Research Insight - The Team Led by Academician Zemin Zhang at Chongqing Medical University Identifies a Novel Immunotherapy Target via Single-Cell Screening

Research Insight - The Team Led by Academician Zemin Zhang at Chongqing Medical University Identifies a Novel Immunotherapy Target via Single-Cell Screening

2026-04-27 10:22:51

Recently, Academician Zemin Zhang from Chongqing Medical University, Associate Researcher Dongfang Wang from Peking University, and Professor Jianzhong Xi from Peking University, among others, published a research article entitled “Single-cell screens identify ADAM12 as a fibroblast checkpoint impeding anti-tumor immunity” in Cancer Cell (Q1, IF = 47.2). This study identified ADAM12 as a fibroblast checkpoint through single-cell screening. Loss of ADAM12 was found to delay tumor progression and enhance tumor sensitivity to immunotherapy, thereby providing a novel therapeutic target for cancer immunotherapy.


A central challenge in tumor immunotherapy is the limited responsiveness of tumors to treatment, which is closely associated with the abundance of immunosuppressive cancer-associated fibroblasts (CAFs) within the tumor microenvironment. However, CAFs exhibit high heterogeneity and remarkable phenotypic plasticity. How to precisely reprogram CAFs from a tumor-promoting state to a tumor-suppressive state remains an unresolved issue in the field.

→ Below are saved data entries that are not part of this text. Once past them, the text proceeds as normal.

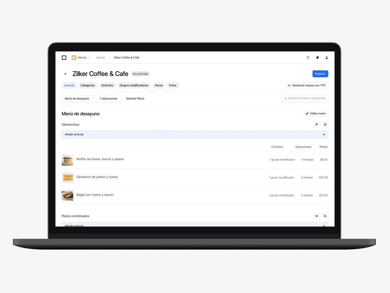 Sincroniza automáticamente tus menús, gestiónalos en todas tus ubicaciones y marca artículos como no disponibles en tiempo real.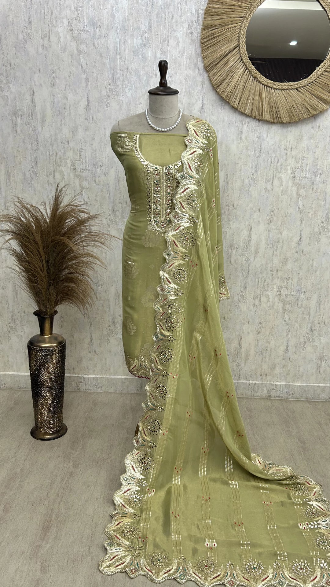 Indulge in elegance with our Gota/Leather Work Tissue Unstitched Suit Set, a perfect blend of tradition and modern craftsmanship. Made from luxurious tissue fabric, this suit set features exquisite gota and leather work, adding a regal charm to your ethnic ensemble. The lightweight and shimmering texture makes it ideal for festive occasions, weddings, and celebrations.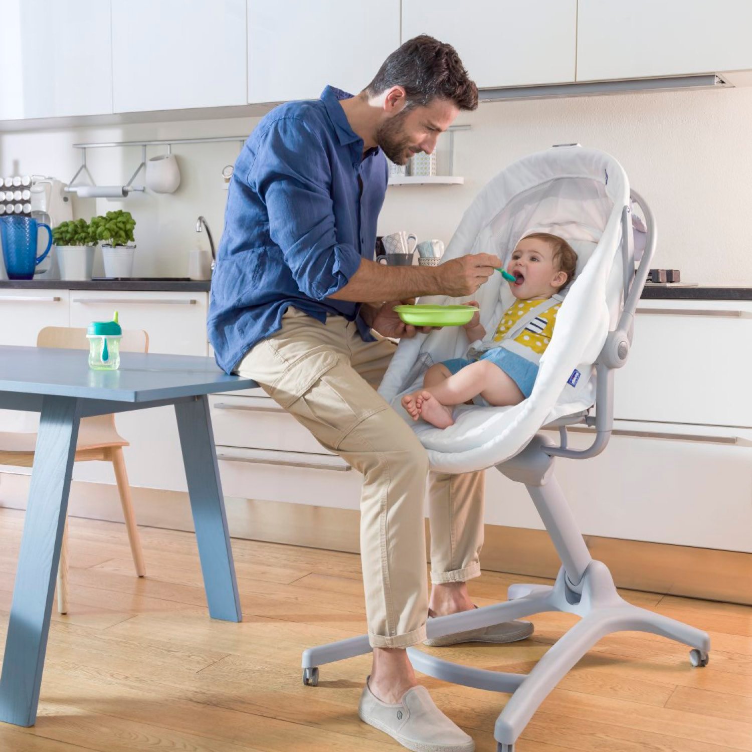 La exclusiva solución 4 en 1 de Chicco para el día a día de tu bebé: moisés, hamaca, trona y sillita.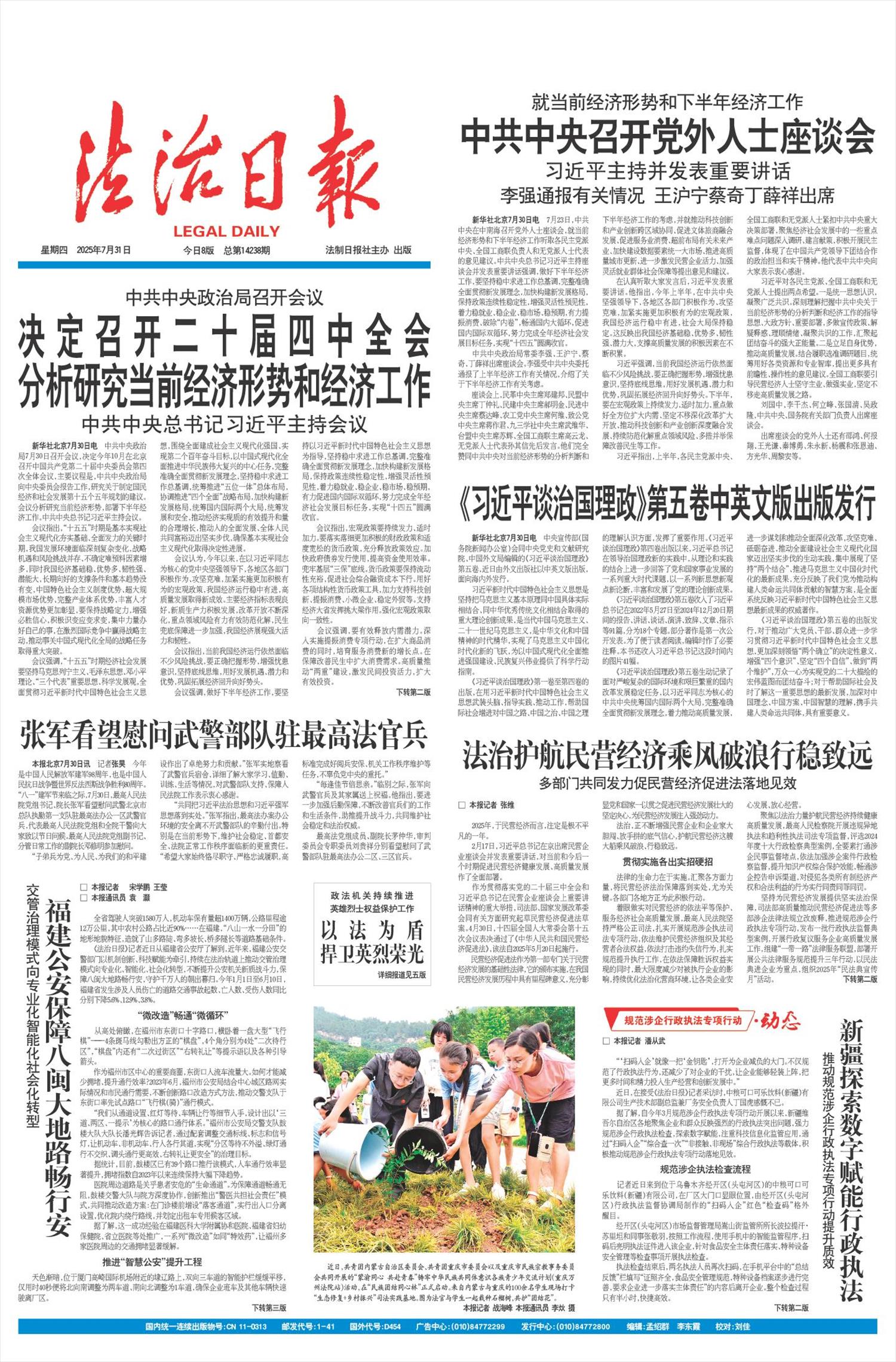 作为贯彻落实党的二十届三中全会和习近平总书记在民营企业座谈会上重要讲话精神的重大举措,司法部、国家发展改革委会同有关方面研究起草民营经济促进法草案。4月30日,十四届全国人大常委会第十五次会议表决通过了《中华人民共和国民营经济促进法》,该法自2025年5月20日起施行。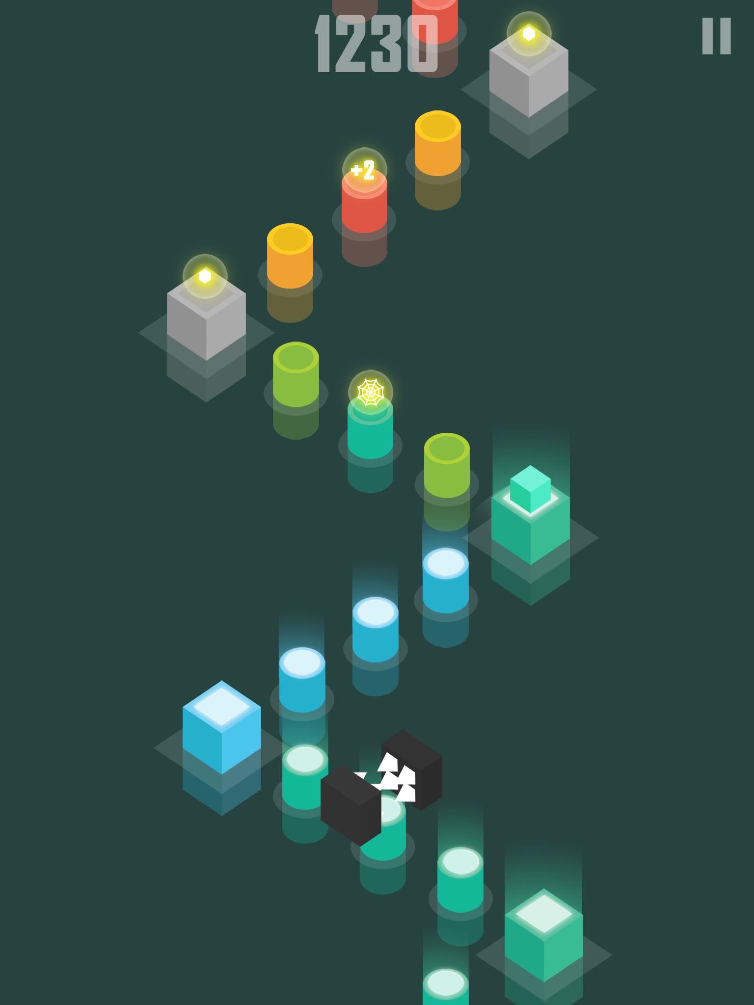Flee to jump to the pillar of the same color as fast as possible.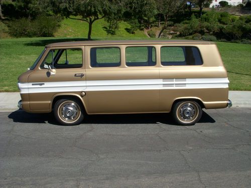 Rare 99% restored 1965 Greenbrier Deluxe van. On of only 1,528 produced in the final year for the Greenbrier! Correct replacement 110 HP block. Balance of drivetrain is original and rebuilt, including Powerglide transmission and differential. Replacement Clark interior in original gold color. Exterior color was a unique factory original special order. Took months to figure that one out! Vehicle was originally sold in Colorado, second owner in Florida where I purchased it. For a detailed look at the restoration please link to the following: http://www.corvairkid.com/R1265S100889.htm . Remaining work to complete restoration includes replacing the aftermarket windshield rubber (doesn't fit and left a gap on the upper passenger side, stripping off the interior roof insulation (surface rust that I should have dealt with during restoration but discovered afterwards), the fuel gauge can be temperamental and operates intermittently, and there is a very small hairline crack in the paint just below the driver's outside mirror. Other than these small improvements, the vehicle is a one-of-a-kind restored example of the rarest of Greenbriers. Mileage shows low (original dash assembly), but I assume the vehicle has turned over once. A beautiful vehicle for someone who understands the uniqueness of a special order 1965! The reserve price reflects that but is well below the restoration costs. Your questions are most welcome!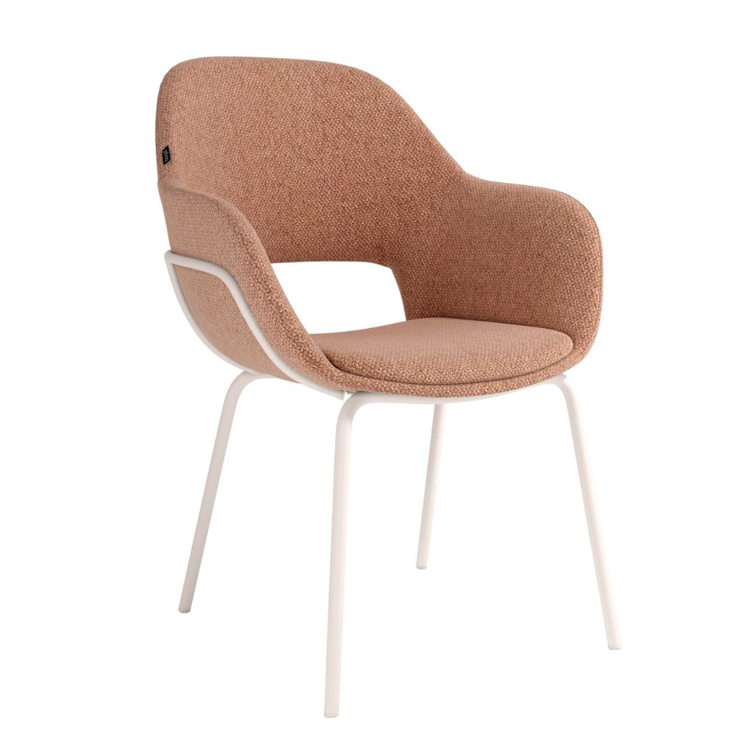 Silla Brisbane color salmón, respaldo y asiento tapizado y patas metálicas a juego.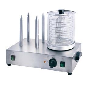 Модель оснащена паровой баней для варки и хранения в горячем виде сосисок, а также четырьмя нагреваемыми штырями для подогрева булочек изнутри. Идеально подходят для оснащения уличных точек и заведений быстрого питания.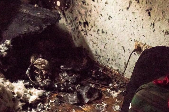 Спочатку надійшла інформація про те, що горить горище. Однак по прибуттю на місце було встановлено, що джерело запаху - квартира на третьому поверсі. З вентиляції квартири періодично виривався дим. Пожежникам довелося за допомогою бензорізу відчиняти двері, щоб потрапити всередину. Через те, що двері броньовані, знадобилося трохи більше часу, ніж зазвичай.

In this study, computational biology was integrated with high-throughput functional screening to investigate fibroblast targets. The research team first performed integrative analysis of multi-omics clinical datasets to computationally identify 54 candidate key genes. Meanwhile, a patient-derived fibroblast library was established, and CRISPRi/a Perturb-seq technology was employed for functional screening. For the first time, a genotype–phenotype causal regulatory network was systematically mapped in patient-derived CAFs. The study revealed a critical antagonistic relationship between the type I interferon response program and the myofibroblast activation program, with ADAM12 serving as a central regulatory hub of this balance. Targeting ADAM12 effectively activates the antitumor interferon response in CAFs and remodels the tumor microenvironment. Experimental results demonstrated that this strategy significantly inhibited tumor growth and enhanced CD8⁺ T cell infiltration and function across multiple mouse models. Moreover, when combined with PD-L1 blockade therapy, it exhibited synergistic therapeutic effects in resistant models.

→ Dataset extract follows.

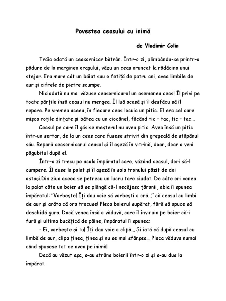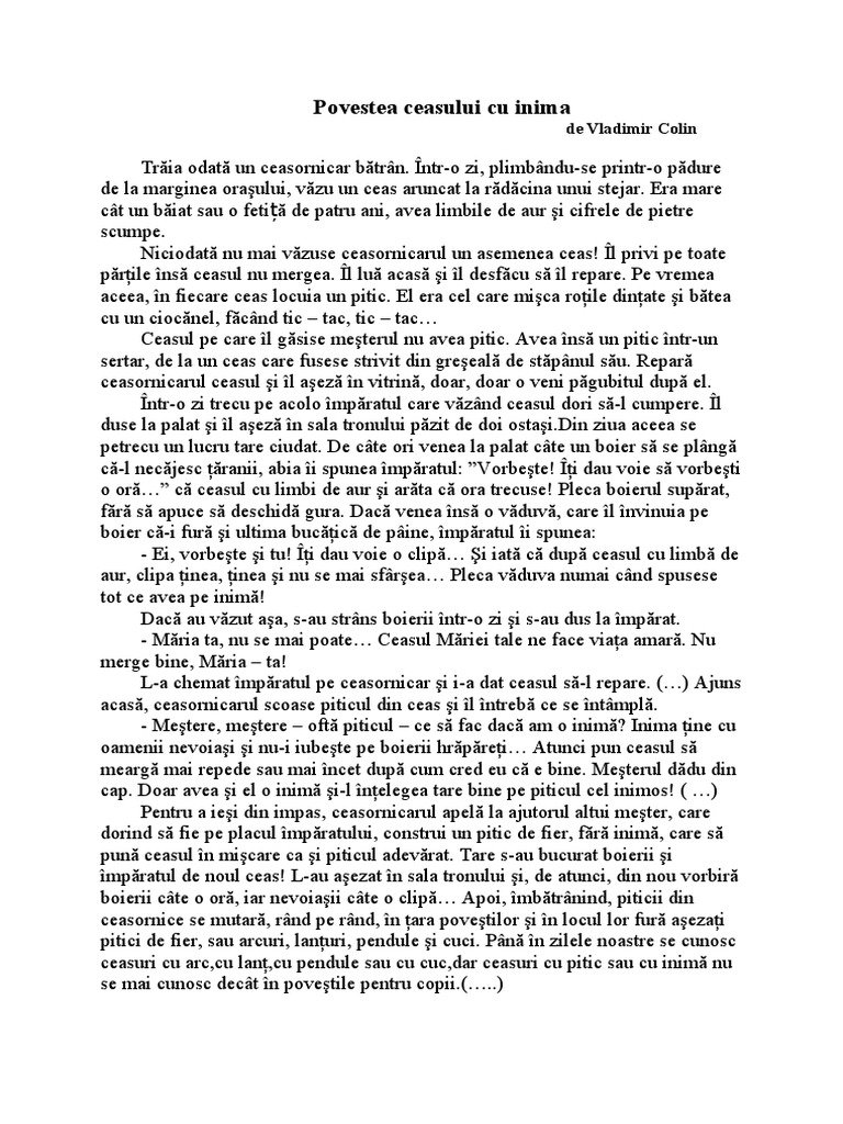 Povestea Ceasului Cu Inima Pdf Document

This study establishes a comprehensive paradigm from target discovery to mechanistic validation, revealing an actionable reprogramming pathway for CAFs. It identifies ADAM12 as a novel therapeutic target characterized by minimal expression in normal tissues, along with high efficacy and potential safety. These findings provide a new strategy and promising avenue for overcoming resistance to immunotherapy, particularly for transforming “cold” tumor microenvironments.


Fifteen days after implantation of orthotopic Lewis lung carcinoma, mice were intraperitoneally injected with luciferin substrate. Ten minutes later, the mice were euthanized, and the lungs were excised for ex vivo tumor burden quantification using the AniView multimodal in vivo imaging system (Guangzhou Biolight Biotechnology Co., Ltd.).